— RECORD EXTRACTS —
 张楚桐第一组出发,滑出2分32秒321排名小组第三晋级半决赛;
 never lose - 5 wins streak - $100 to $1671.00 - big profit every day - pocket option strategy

==

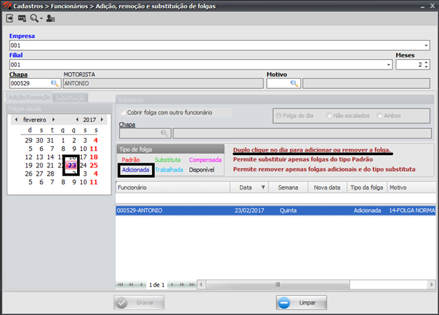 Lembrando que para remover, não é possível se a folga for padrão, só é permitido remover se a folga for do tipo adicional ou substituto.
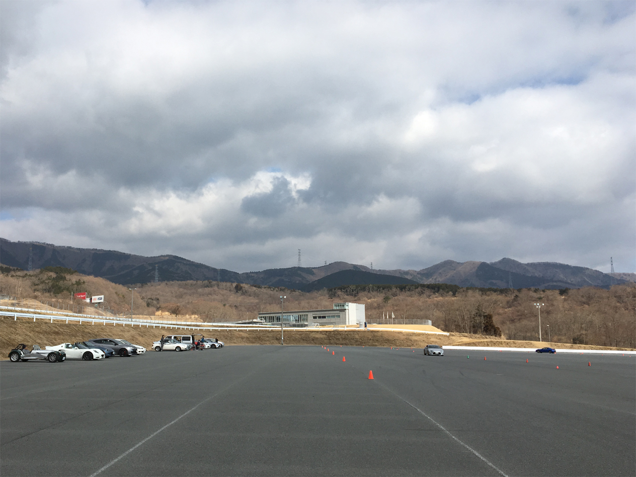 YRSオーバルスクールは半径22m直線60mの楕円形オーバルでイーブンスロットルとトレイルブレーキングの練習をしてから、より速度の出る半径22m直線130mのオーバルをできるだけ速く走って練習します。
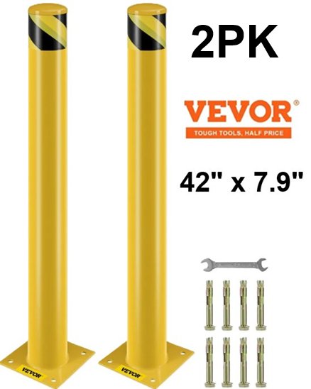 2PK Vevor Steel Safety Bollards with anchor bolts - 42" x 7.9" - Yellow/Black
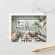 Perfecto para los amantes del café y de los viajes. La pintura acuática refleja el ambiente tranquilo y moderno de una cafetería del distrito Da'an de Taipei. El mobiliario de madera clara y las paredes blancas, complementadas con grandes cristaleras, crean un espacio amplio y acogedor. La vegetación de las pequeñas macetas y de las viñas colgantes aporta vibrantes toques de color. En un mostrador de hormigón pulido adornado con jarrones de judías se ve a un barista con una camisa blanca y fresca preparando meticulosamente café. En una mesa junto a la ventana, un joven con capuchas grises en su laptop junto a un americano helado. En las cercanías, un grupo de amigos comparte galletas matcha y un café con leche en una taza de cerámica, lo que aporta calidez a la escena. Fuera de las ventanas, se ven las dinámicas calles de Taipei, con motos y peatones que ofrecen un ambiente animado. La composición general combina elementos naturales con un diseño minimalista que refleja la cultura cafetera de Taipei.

* * *

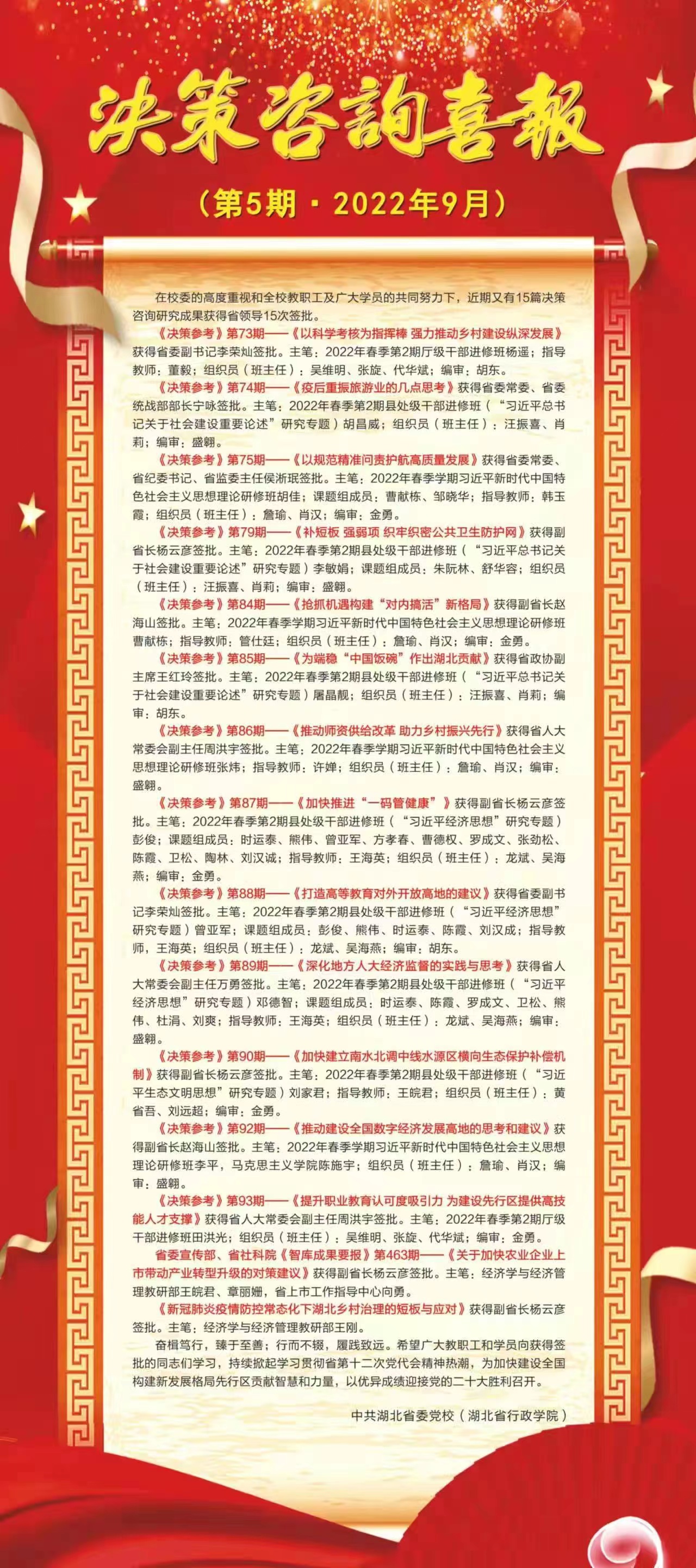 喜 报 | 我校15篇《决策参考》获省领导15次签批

— WHAT IS REQUIRED —
Going back over the entries above, copy word for word every line from the one that has "张楚桐第一组出发,滑出2分32秒321排名小组第三晋级半决赛;" on through the one that has "never lose - 5".

— SOLUTION TO THIS PROBLEM —
 张楚桐第一组出发,滑出2分32秒321排名小组第三晋级半决赛;
 never lose - 5 wins streak - $100 to $1671.00 - big profit every day - pocket option strategy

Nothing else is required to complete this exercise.